> RECORDS TO PROCESS:

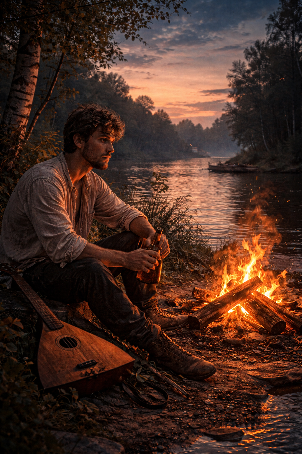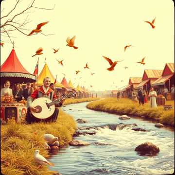 Русская народная песня с балалайкой, скрипкой, флейтой и барабаном, Мужской и женский вокал, Эмоциональная атмосфера деревни у реки, звуки природы, инструментальное вступление и окончание, Стиль: Отава Ё, меланхолично и радостно одновременно
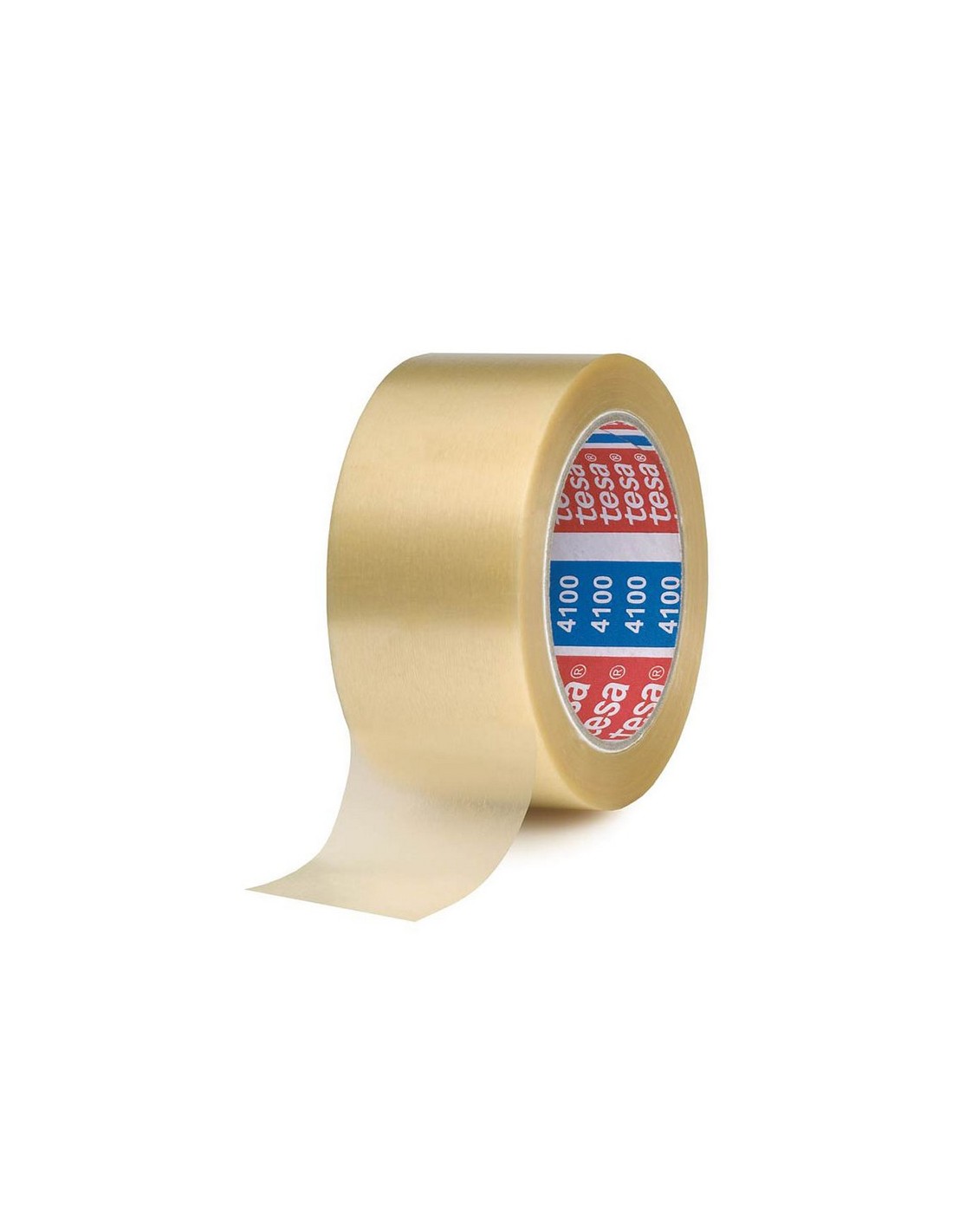 Precinto embalaje TESA 4100 rugoso Rollos de 66 m x 50 mm. Apto tanto para dispensadores manuales como automáticos. La combinación de un film de PVC rugoso y un fuerte adhesivo a base de caucho natural proporciona a la cinta de embalar exactamente el nivel de rendimiento exigido entre los profesionales del embalaje. Desbobine de forma suave. Transparente. Se presenta en caja de 6 unidades.
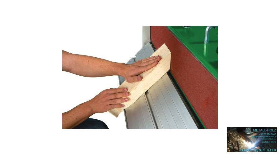 A hosszirányú asztal 110 mm-rel állítható magassággal a csiszolószalag szélességének optimális kihasználása érdekében
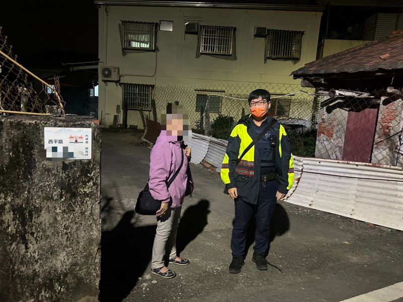 屏東縣政府警察局內埔分局內埔所警員林彥丞、徐敬堯,日前半夜11點多巡邏時,接獲民眾報案,在內埔鄉南寧路段有一老婦人需要協助,請警方到場幫忙。
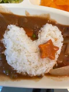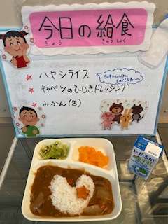 ハヤシライスには星型のラッキーにんじんが入ってました。給食室のこんだての見本は、いつもよりおしゃれに盛りつけてあり、子ども達はわあー、と、うれしそうにのぞきこんでいました。おいしいハヤシライスが、よりおいしそうに見えます。食べてみると、やっぱりおいしかったです。
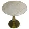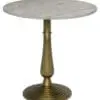 This round cafe-inspired side table features a Bianco Crown marble top accompanied by an Antique-Brass teardrop cast-iron base. Its industrial yet refined design, along with the natural stone variations, creates a unique and bold accent.
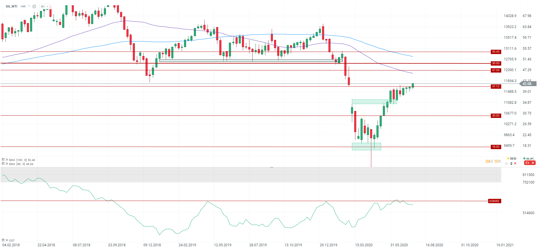 Il WTI supera la resistenza a $ 41. Il posizionamento speculativo è relativamente alto ma non ha raggiunto un livello di ipercomprato. Fonte: xStation5
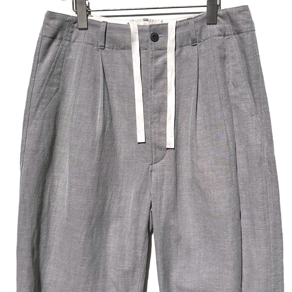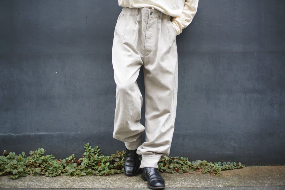 : [60/2 Wool x C/L Twill Tumbler Washer] Twill material using 60 number worsted wool twine for the warp thread and a blend of French linen and cotton for the weft thread. The dry washer finish gives the fabric a drier texture, giving it a natural and rough appearance but with a luxurious feel. Both wool and linen are natural temperature-regulating fibers (wool has low thermal conductivity, blocking cold outside air in cold weather and hot outside air in hot weather. Linen contains air within its fibers, and naturally adjusts to match the outside air. It provides a warming effect.As both are highly hygroscopic fibers, it does not trap too much heat), making it a material that can be worn regardless of the season. In addition, by using worsted wool yarn in the vertical direction, we reduce the disadvantages of linen, such as its tendency to wrinkle.
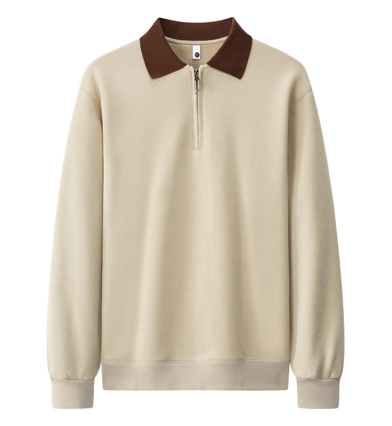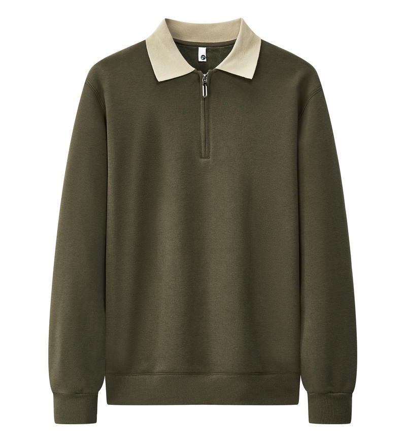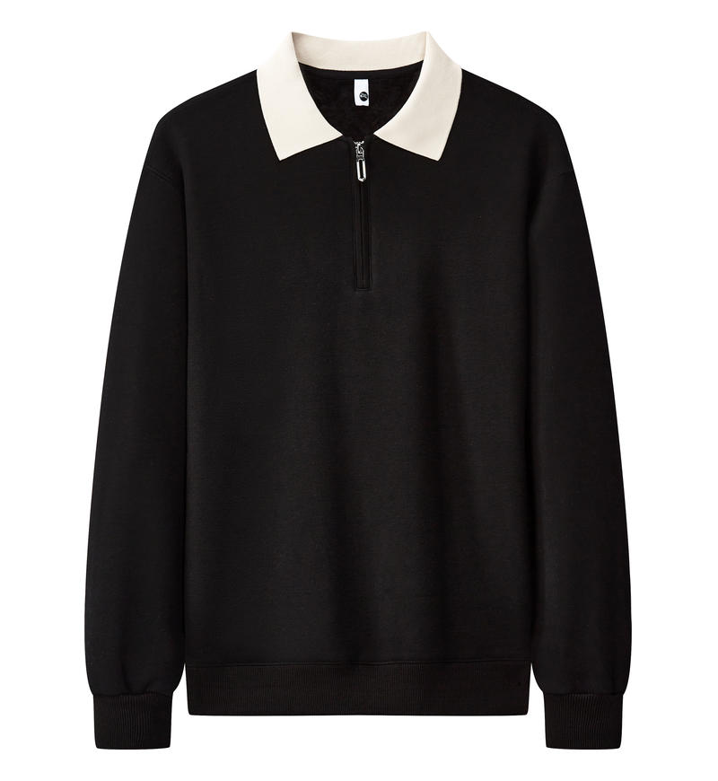 加厚超柔半拉锁拼色翻领长袖POLO衫25A083
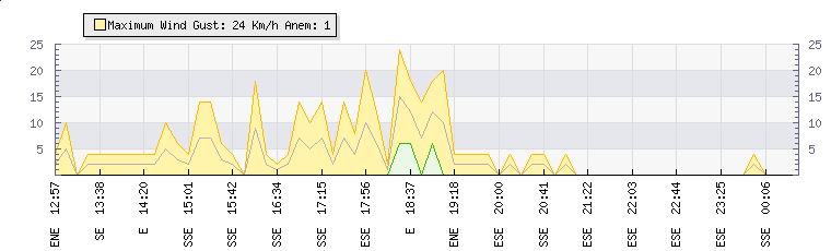In the last few minutes the wind was West South West at an average speed of 2 kmh, reaching up to 4 kmh and a low of 0 kmh. The gust strength is4 kmh above the minimum speed |
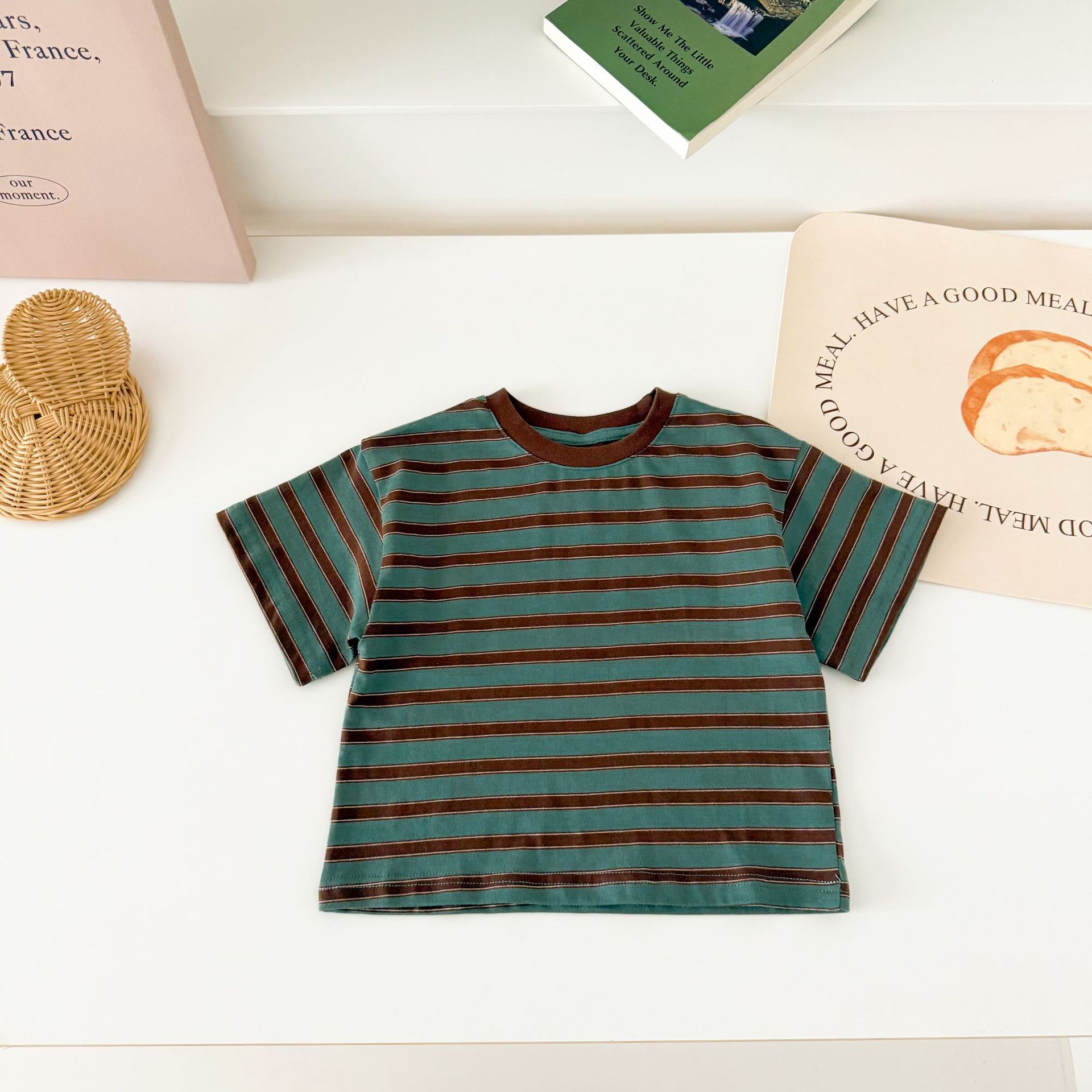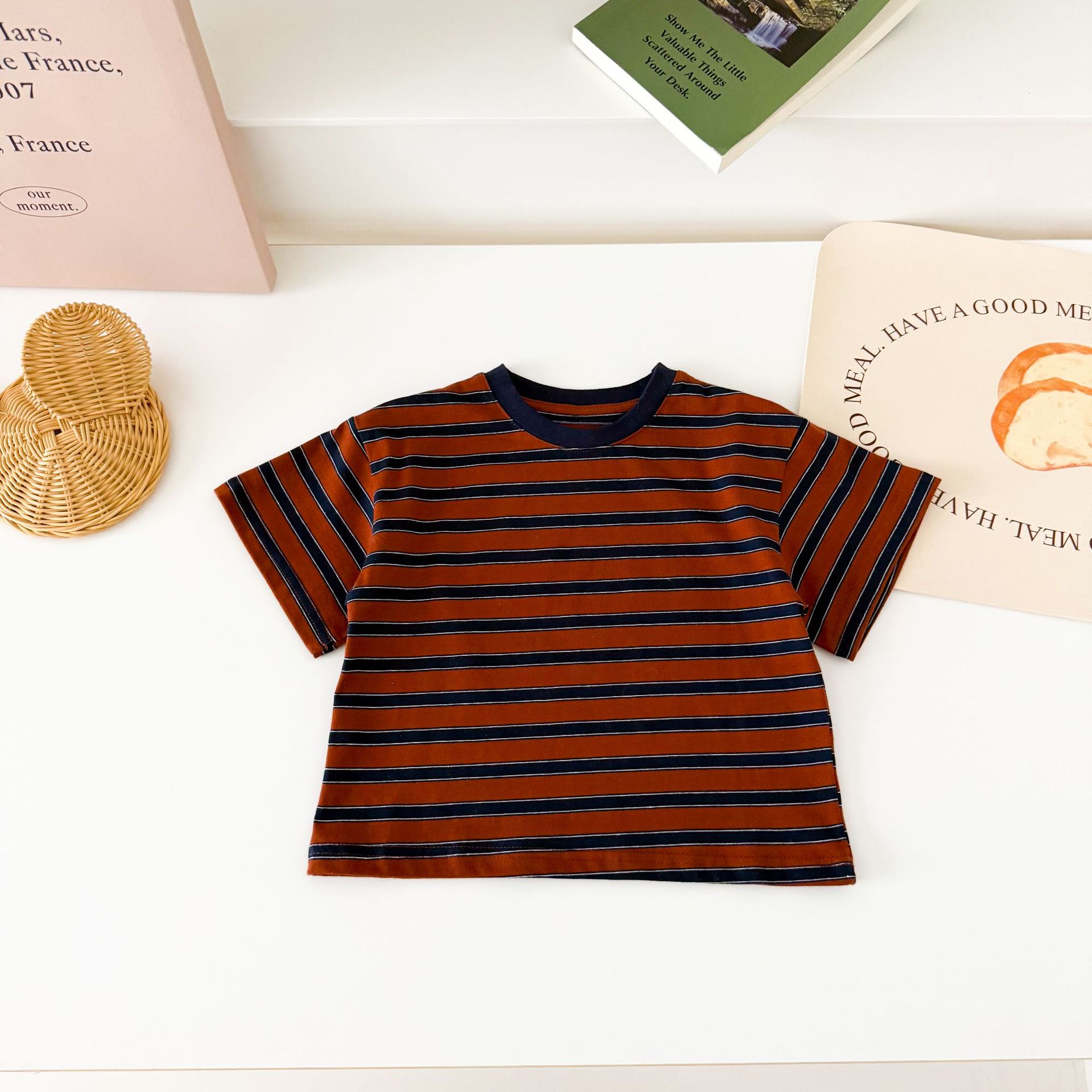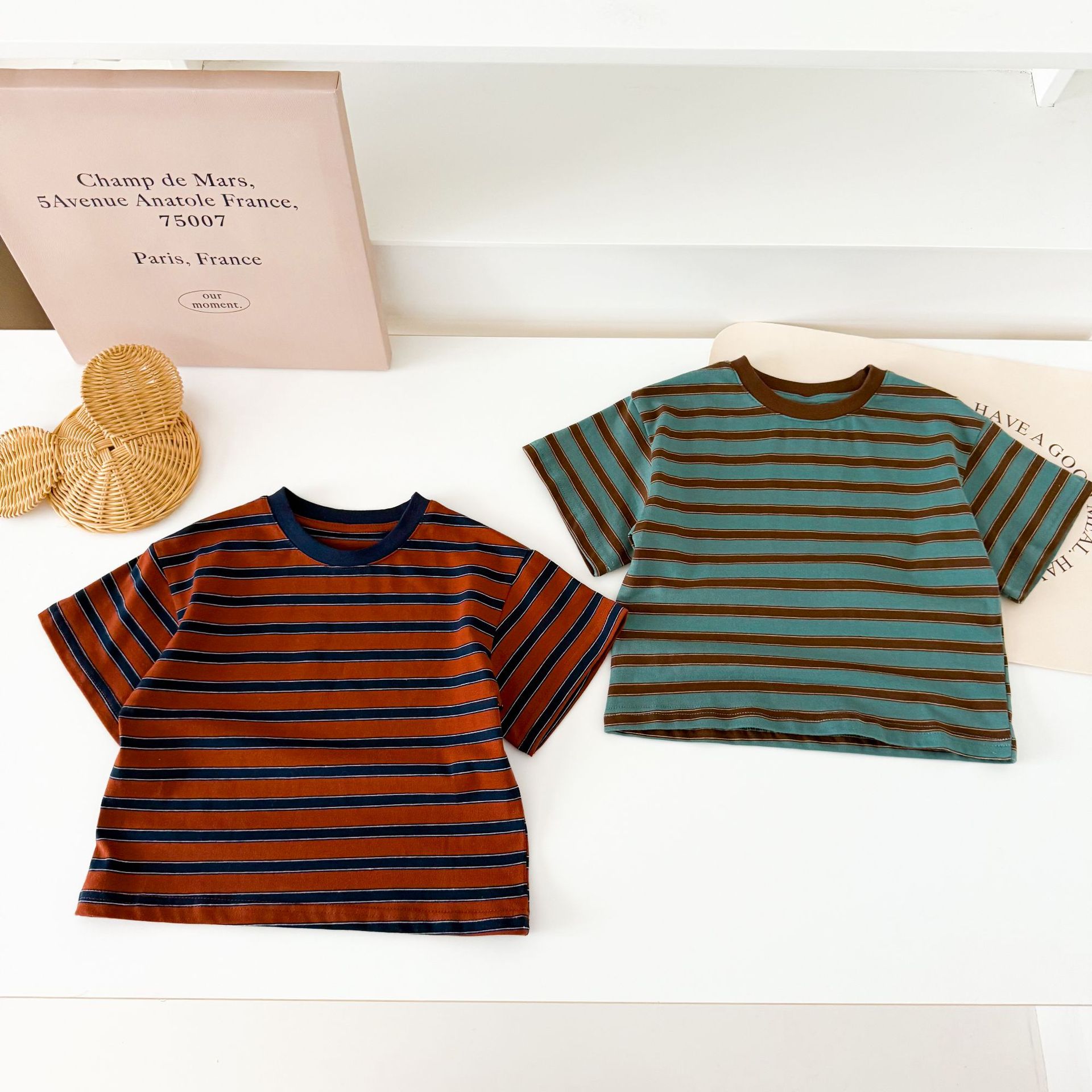 Ins 한국어 버전 여름 줄무늬 반팔 티셔츠 소년과 소녀를위한 베이비 퓨어 코튼 다목적 탑 레트로 라운드 넥 대비 컬러 티셔츠

> WHAT THE TASK ASKS:
What to print is the stretch of entries from the line with "屏東縣政府警察局內埔分局內埔" up to and including the line with "ハヤシライスには星型のラッキ". Please print it exactly and leave out the pictures.

> FINAL ANSWER:
 屏東縣政府警察局內埔分局內埔所警員林彥丞、徐敬堯,日前半夜11點多巡邏時,接獲民眾報案,在內埔鄉南寧路段有一老婦人需要協助,請警方到場幫忙。
 ハヤシライスには星型のラッキーにんじんが入ってました。給食室のこんだての見本は、いつもよりおしゃれに盛りつけてあり、子ども達はわあー、と、うれしそうにのぞきこんでいました。おいしいハヤシライスが、よりおいしそうに見えます。食べてみると、やっぱりおいしかったです。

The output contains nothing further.